Dr. Yuan is from San Francisco. She received her BA from the University of California at Berkeley. She received her MD in Philadelphia from Hahnemann University. She trained in pediatrics at Kaiser Oakland. Her fellowship training in pediatric pulmonary and sleep medicine was at Children’s Hospital Los Angeles. Dr. Yuan joined the faculty at Stanford in 2003. In 2005, Dr. Yuan became Medical Director of the Lucile Salter Packard Children's Hospital Pediatric Pulmonary Sleep Laboratory at Stanford University Medical Center. Dr. Yuan is boarded in Pediatric Pulmonary Medicine, Sleep Medicine, and Pediatrics.

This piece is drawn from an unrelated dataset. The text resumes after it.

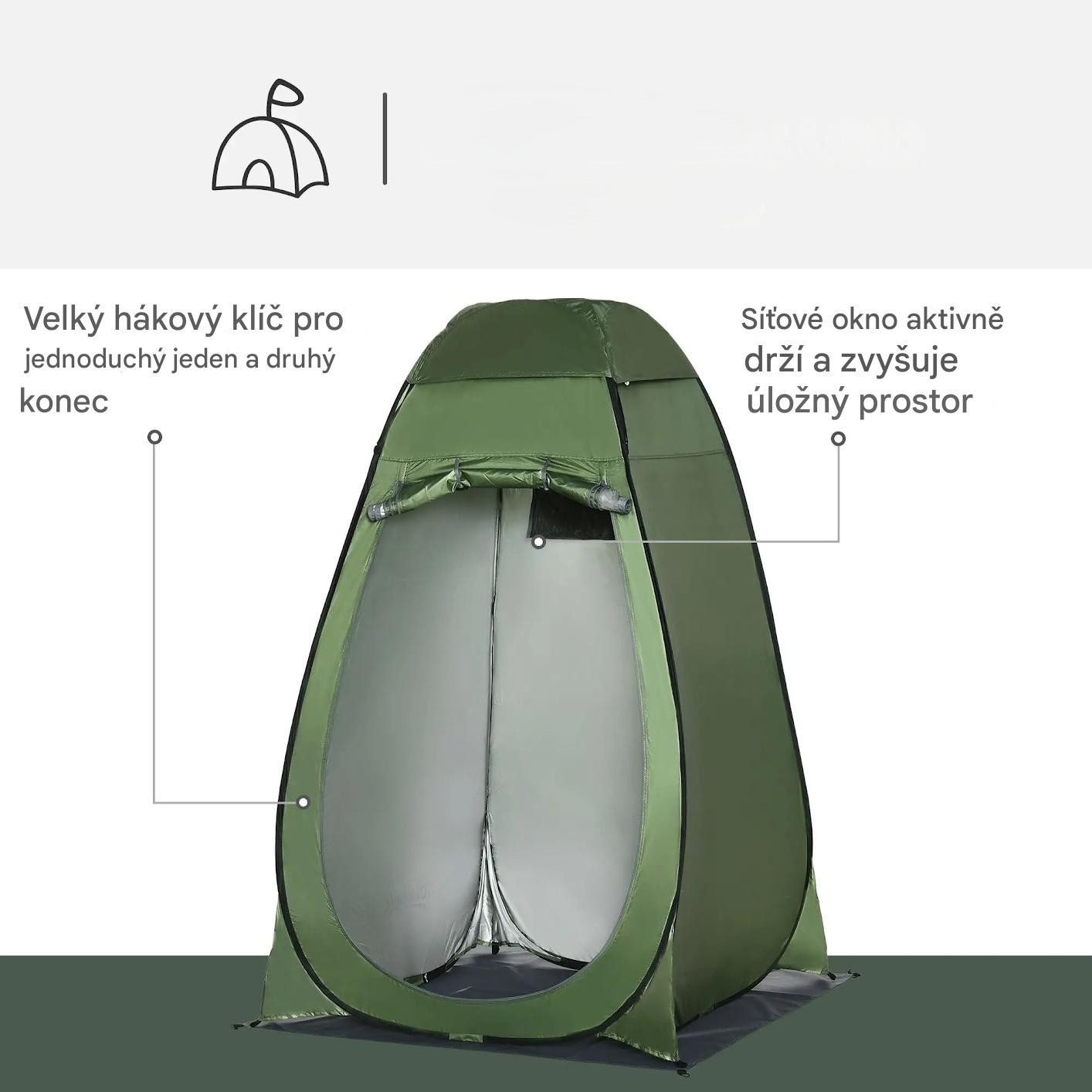 Hledání soukromí nebo sprchování při kempování může být obtížné, ale s tímto speciálním stanem jsou všechny tyto problémy vyřešeny. Vysouvací konstrukce pro snadné stavění a sundávání, lehké, ale pružné tyče tvoří rám a spojují látkové panely, které jsou voděodolné, aby uvnitř zůstalo sucho.

In the course of her academic career, her medical research has included clinical studies on pulmonary function testing, sleep studies, scoliosis, and neuromuscular disease, of which she has authored several peer-reviewed papers. She is executive member and lecturer of ACMES and To Cure Autism Institute.

Hie-Won Hann
MD

Professor of Medicine at Jefferson Medical College. Dr. Hann has been the director of Liver Disease Prevention Center at Thomas Jefferson University Hospital since 1988. She has also been continuously funded by NIH for carrying out research projects on hepatitis. Since 1996, she has conducted 32 clinical trials and published a total of 280 articles, book chapters and abstracts.  Dr. Hann is also an active speaker in the field of hepatitis B and she has shared her knowledge with healthcare  leaders in the U.S. and Asian countries, including Korea, Philippines, Hong Kong, Singapore, Malaysia, Taiwan, Thailand, China, Vietnam, Australia, Panama and multiple Korean American (and Chinese) churches across the United States.  She also served on CDC Hepatitis B Advisory Group for Asian/Pacific Islander, Immunization Action coalition, Hepatitis B Foundation and National Asian Pacific Leadership Initiative on Cancer. She is executive member  and lecturer of ACMES, peer reviewer of North American Journal of Medicine and Science.